And yet…nothing churned in his gut and spilled out from his heart onto the canvas. He was empty.
And maybe he was done.
Harley ripped the rectangular canvas off the easel and dumped it against the wall. Spotting his sketch pad on his nightstand, he picked it up and slumped into the armchair positioned by the glass doors. Outside, a pair of kereru perched on a tree branch and stared at him in disdain. One took offense at the movement of his pencil skimming across the page and flew away, the bird’s heavy wings making a distinctive whooping sound as it disappeared into the native bush-covered hill behind West and Piper’s house.

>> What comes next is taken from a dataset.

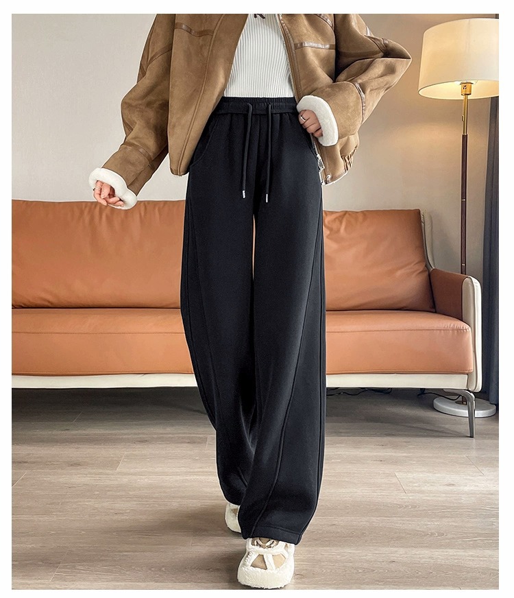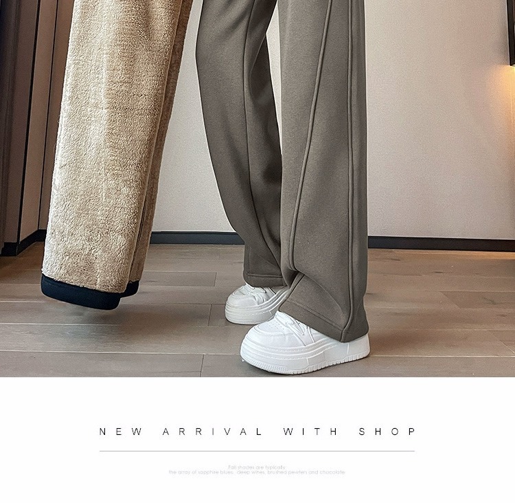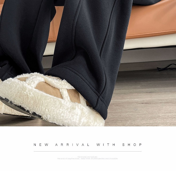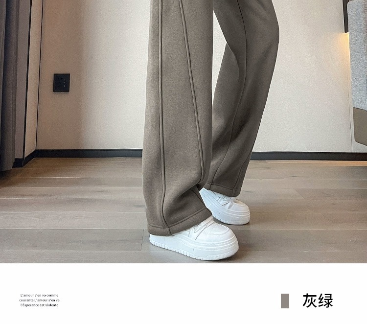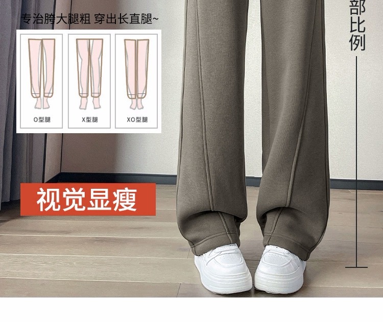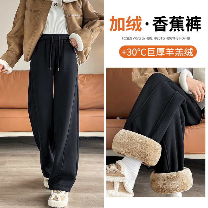ベルベットのバナナのズボンの女性は冬の2024の新しい厚手の子羊のベルベットのズボンの狭いバージョンのストレートなスポーツのカジュアルなズボンを厚くします

Allowing his mind to wander, Harley sketched the remaining pigeon. The rounded curve of its skull, the slope of its back. Something about the bird’s sleek, feathered wings held close to its body reminded him of Bree’s prissily pulled-up hair that morning.
He dropped his pencil down the page, tracing the line of her jaw, angled defensively as she’d denied being tired. Then the sweep of her eyebrows…the slant of her blue-grey eyes, hooded with passion…her long blonde hair as it tumbled free, draping over the pillow as he looked down on her from above then, lowering his head to nip softly at her lush lower lip—
Three sharp knocks echoed down the hallway from the front door. Harley jumped, so deeply under the pencil’s spell that the tip slipped and scribbled over the page.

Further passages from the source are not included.